• [Aim of the task] Among the entries below, only the lines from the one with "decker birdhouse on" through the one with "г. Казани |" are wanted, reproduced exactly. Pictures are not wanted.

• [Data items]
□ □ □ □
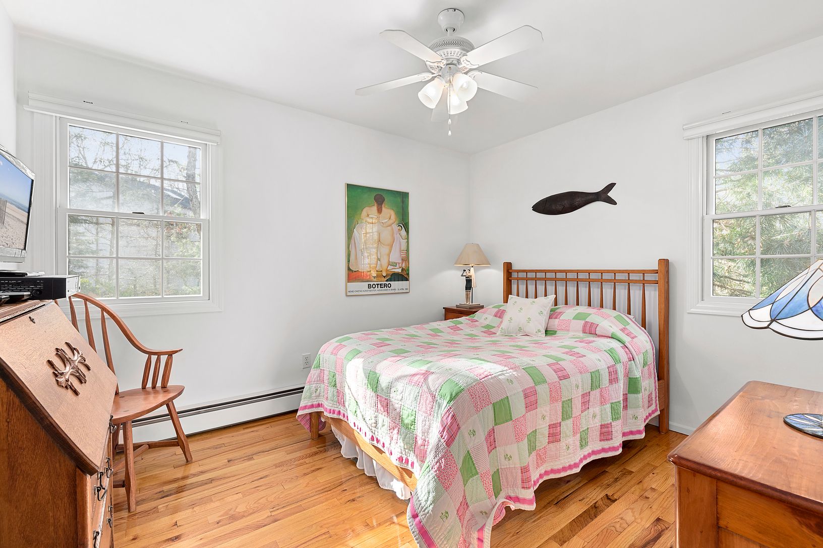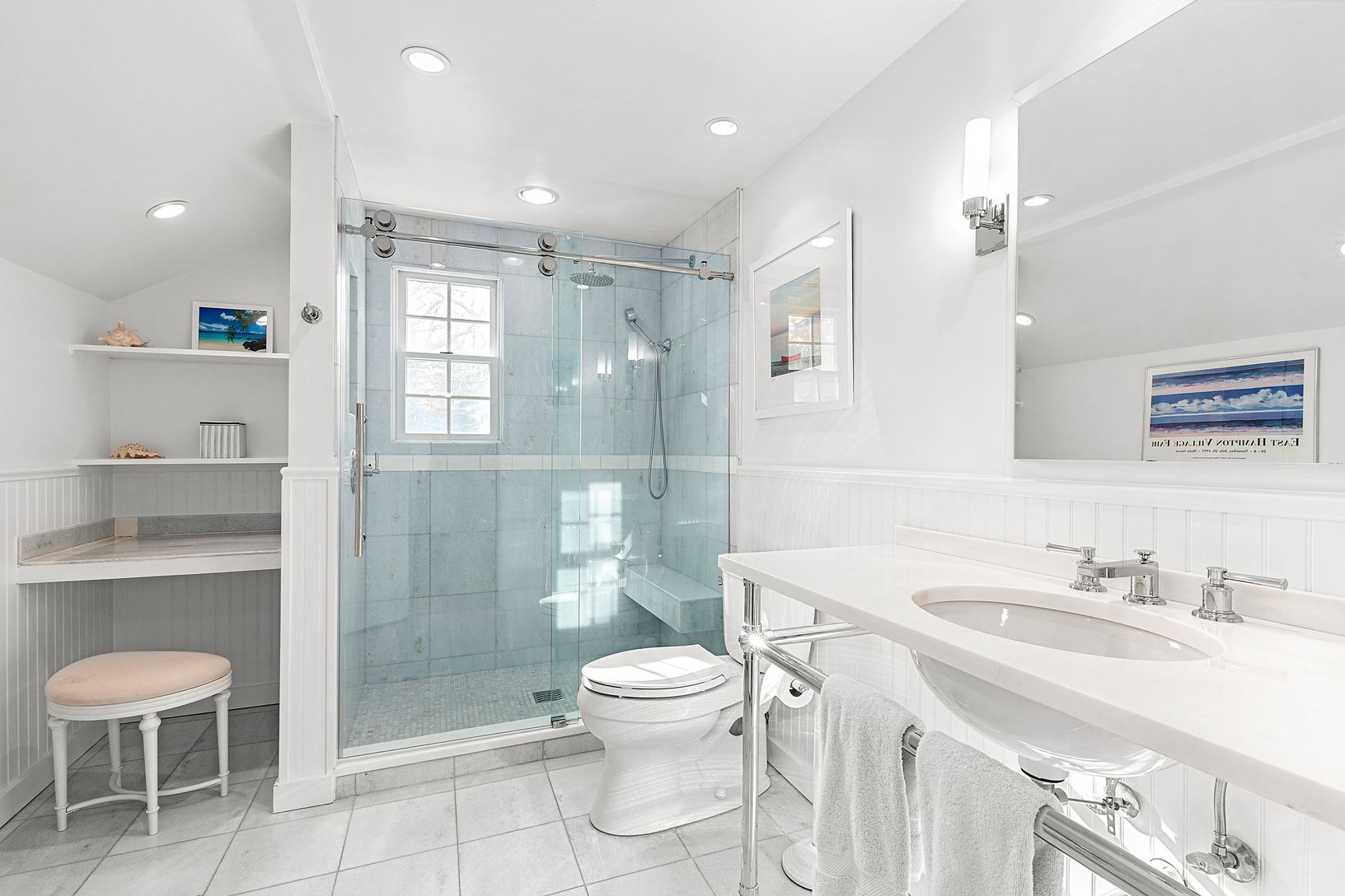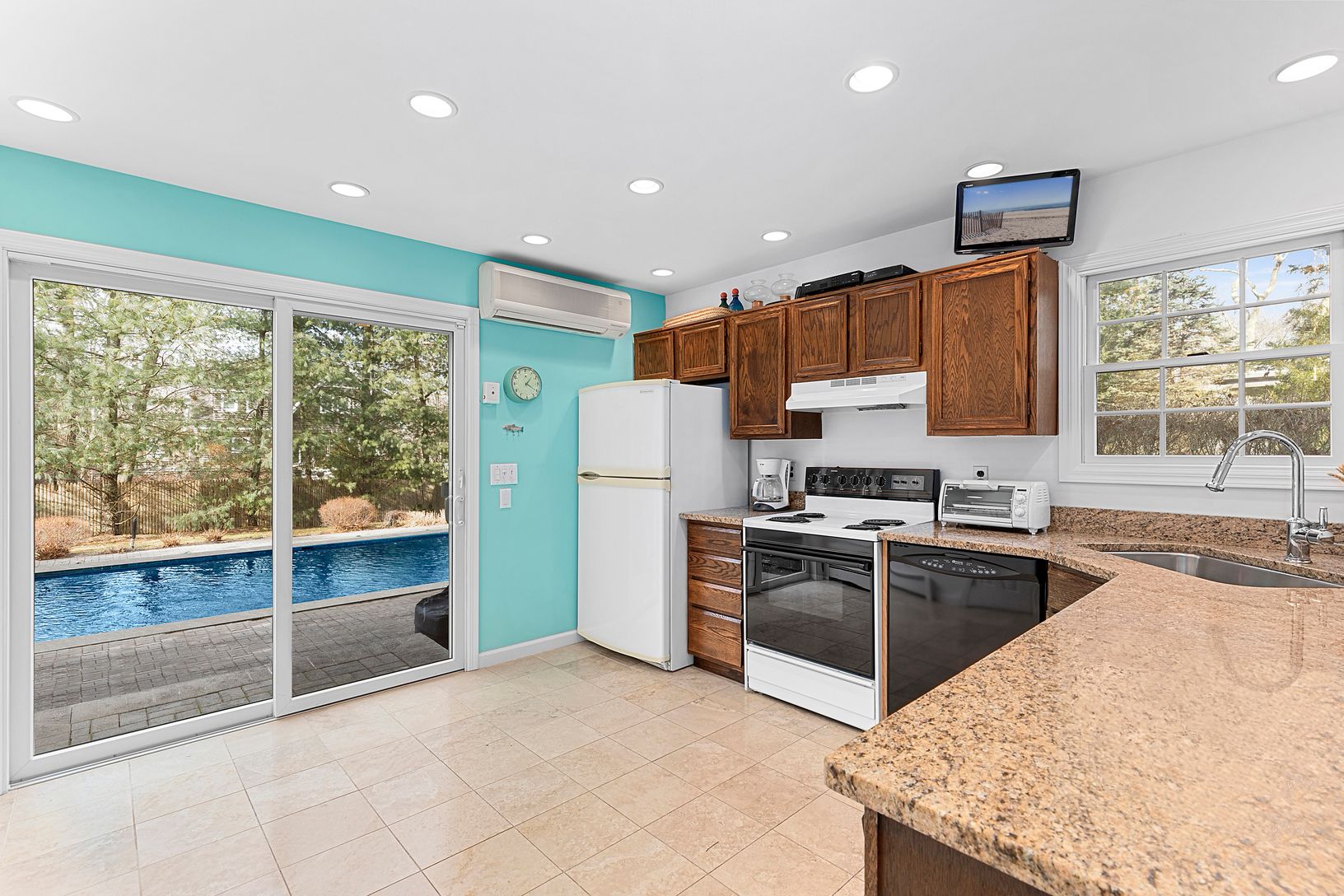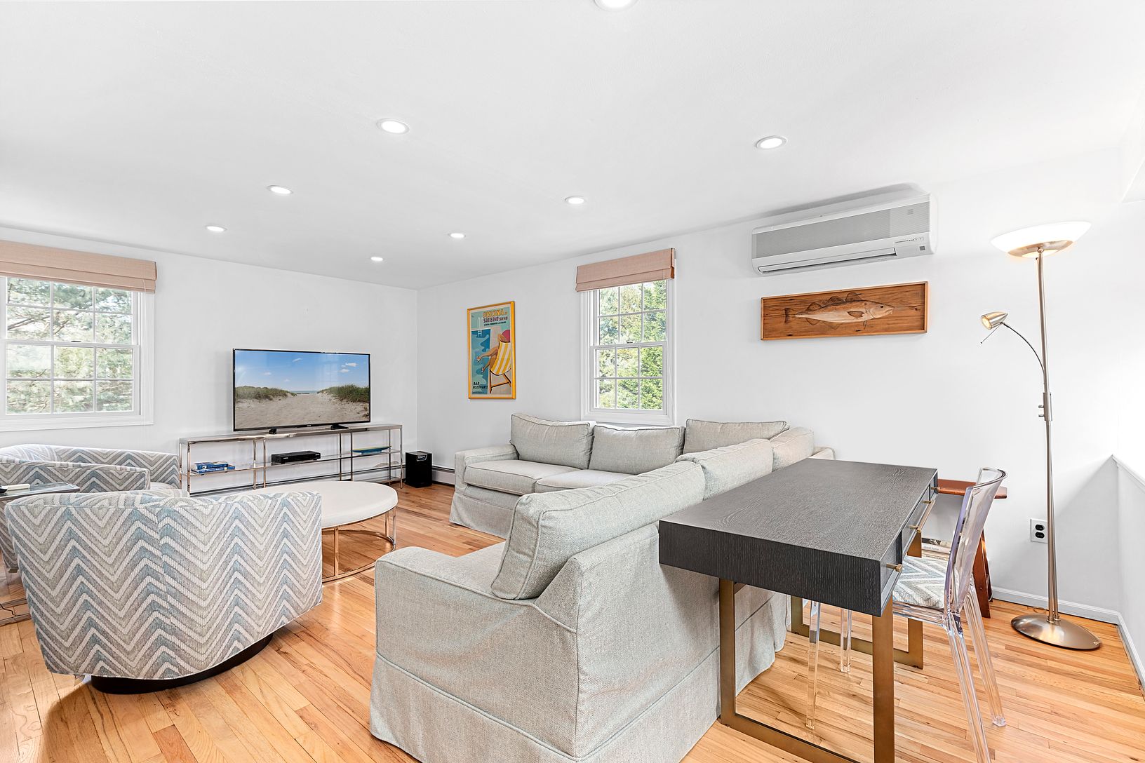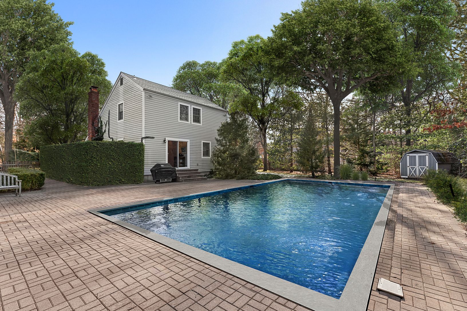 Bright, spotlessly clean with updated kitchen, 2 new marble baths. Upstairs primary bedroom plus 2 main floor bedrooms. Second level also has spacious lofted den perfect for at home offices, or family room. Finished basement. Lovely well landscaped yard and pool with a spacious brick patio.. Home sits privately off the street and around the bend from kayak/paddle board access onto Accabonac Harbor and Louse Point. A short hop to Maidstone Bay
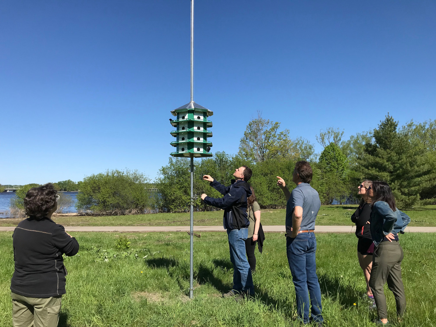 ![[Four decker birdhouse on a tall pole, with river behind]](https://champlainpark.org/wp-content/uploads/2019/06/06jun19-purple-martin-birdhouse-remic-woods-shoreline.jpeg?w=768&h=1024)
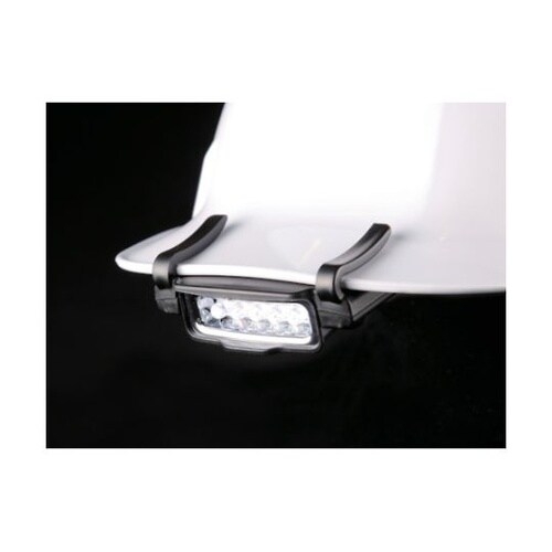 ヘルメットや布帽子に取付け可能です。高輝度LED5個使用しております。角度が自由に調節できます。(調節範囲90度以内)屋根裏工事や機械のメンテナンスなど両手が必要な作業に。 |
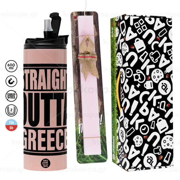 Straight Outta greece, Πασχαλινή Λαμπάδα με ΡΟΖ Travel Tumbler θερμό (600ml, BPA free) & κερί αρωματικό πλακέ (30cm) (ΡΟΖ)
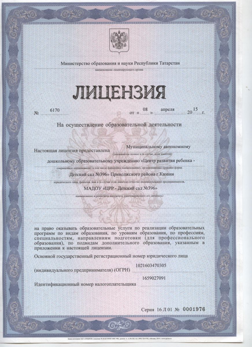 | Короткое название: | МАДОУ "ЦРР - Детский сад № 396" Приволжского района г. Казани |
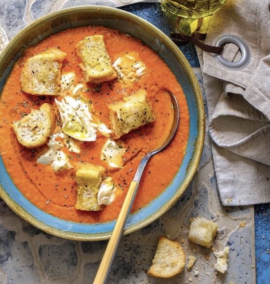Универсальный суп, который хорош и в горячем варианте, и в холодном. Нам понадобятся: 🍅 1,5 килограмма сочных помидоров; 🍅 300 граммов моцареллы; 🍅 5-6 зубчиков чеснока; 🍅 полпучка базилика; 🍅 6 ломтиков белого хлеба; 🍅 оливковое масло; 🍅 сушеный орегано; 🍅 молотая сладкая паприка; 🍅 соль и черный молотый перец. Чеснок очистим. Помидоры нарежем на четвертинки. Противень застелем пекарской бумагой и выложим дольки помидоров и чеснок. Посолим и поперчим. Посыпем паприкой и орегано. Польем оливковым маслом. Запекать будем в разогретой до 180 градусов духовке 45 минут. Для кростини хлеб нарежем на небольшие кусочки. Посыпем орегано и сбрызнем оливковым маслом. Запечем до хруста на решетке. 200 граммов моцареллы нарежем на небольшие кусочки. У базилика оборвем листочки. Запеченые помидоры и чеснок переложим в блендер. Добавим кусочки моцареллы и листочки базилика. Измельчим все в пюре. Если получится очень густое, то разбавим томатным соком. Если вы хотите горячий суп, то подог
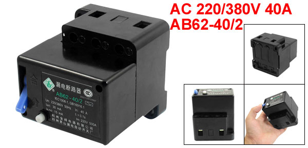 Product Name Earth Leakage Circuit Breaker Model AB62-40/2 Type 3 Phase 4 Wire Un AC 220/380V 50Hz In 40A Im 220V 500A Pole 2 Rated Operating Current for Leakage 30mA Rated not Operating Current for Leakage 15mA Leakage Points off-time <=0.1s Rated Short Circuit Current 500A Installing Hole Size 7.7 x 5.5mm/0.3" x 0.2"(L*W) Overall Size (Approx.) 73 x 75 x 80mm / 2.9" x 3" x 3.15"(L*W*H) External Material Plastic Color Black Weight 328g Package Content 1 x Earth Leakage Circuit Breaker - Reviews
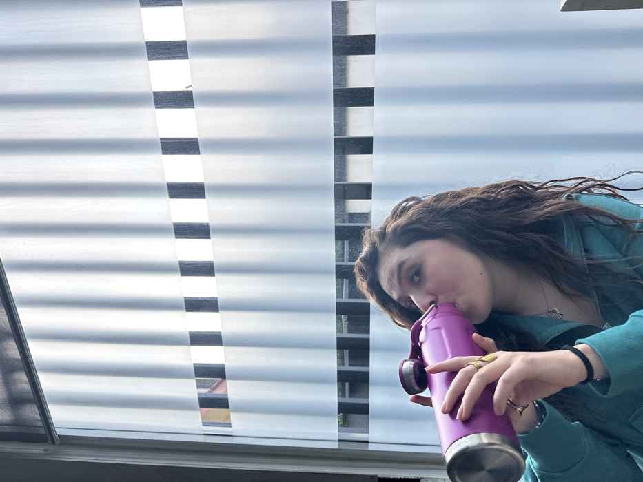 A young woman with long, curly brown hair drinks from a purple water bottle. She wears a teal zip-up hoodie, a silver necklace, and multiple rings on her fingers. In the background, a window with layered blinds creates horizontal stripes of light and shadow. A glimpse of the outside can be seen through the blinds. The scene appears to be indoors during the day.
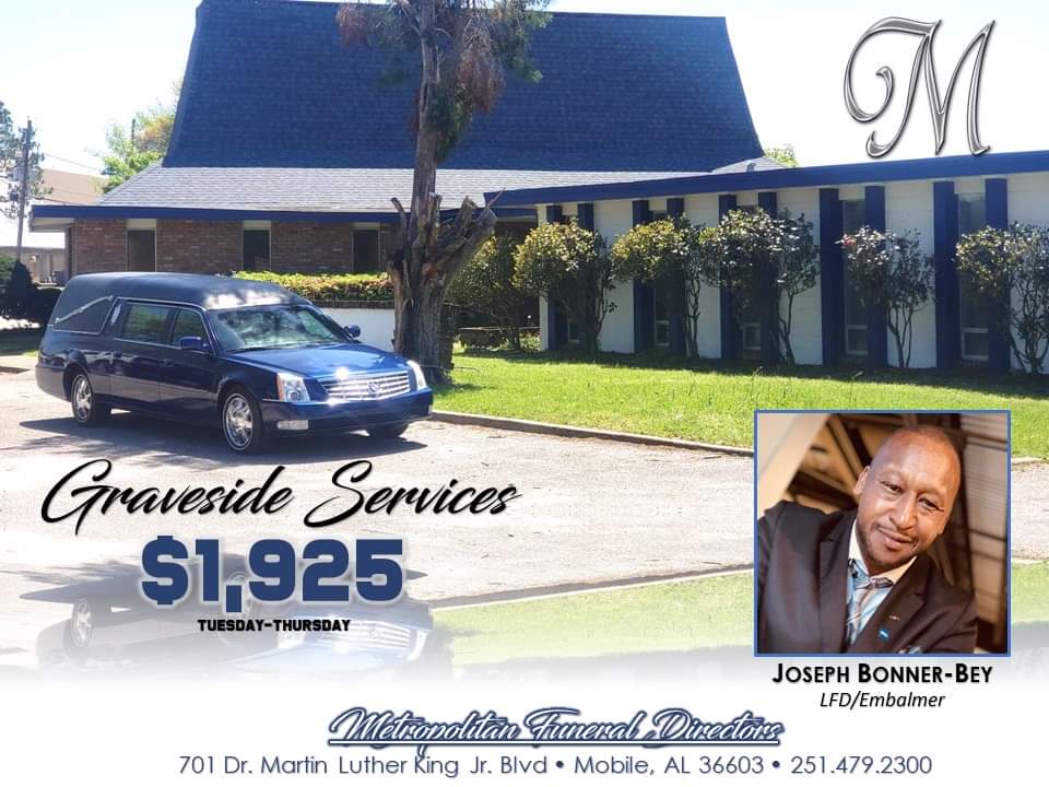 Metropolitan Funeral Directors, formally Tristate Mortuary Services have been serving families since 2007. Our owner and Mortician has been licensed with the Alabama Board of Funeral Service as a Funeral Director since 2007, as a Licensed Embalmer, since 2019 and more recently this year, he was licensed as a Cremationist. He is also licensed as a Funeral Director and Embalmer in the state of Mississippi and he has been bestowed the credentials of Certified Funeral Service Practitioner (CFSP) by the Academy of Funeral Service Practice. His experience that he brings to Metropolitan Funeral Directors, equip our establish with the tools, necessary to serve your family. Dr. Joseph Bonner-Bey, CFSP, is a member of the NFDM&A and AFDM&A.
□ □ □ □
• [Written reply]
 ![[Four decker birdhouse on a tall pole, with river behind]](https://champlainpark.org/wp-content/uploads/2019/06/06jun19-purple-martin-birdhouse-remic-woods-shoreline.jpeg?w=768&h=1024)
 ヘルメットや布帽子に取付け可能です。高輝度LED5個使用しております。角度が自由に調節できます。(調節範囲90度以内)屋根裏工事や機械のメンテナンスなど両手が必要な作業に。 |
 Straight Outta greece, Πασχαλινή Λαμπάδα με ΡΟΖ Travel Tumbler θερμό (600ml, BPA free) & κερί αρωματικό πλακέ (30cm) (ΡΟΖ)
 | Короткое название: | МАДОУ "ЦРР - Детский сад № 396" Приволжского района г. Казани |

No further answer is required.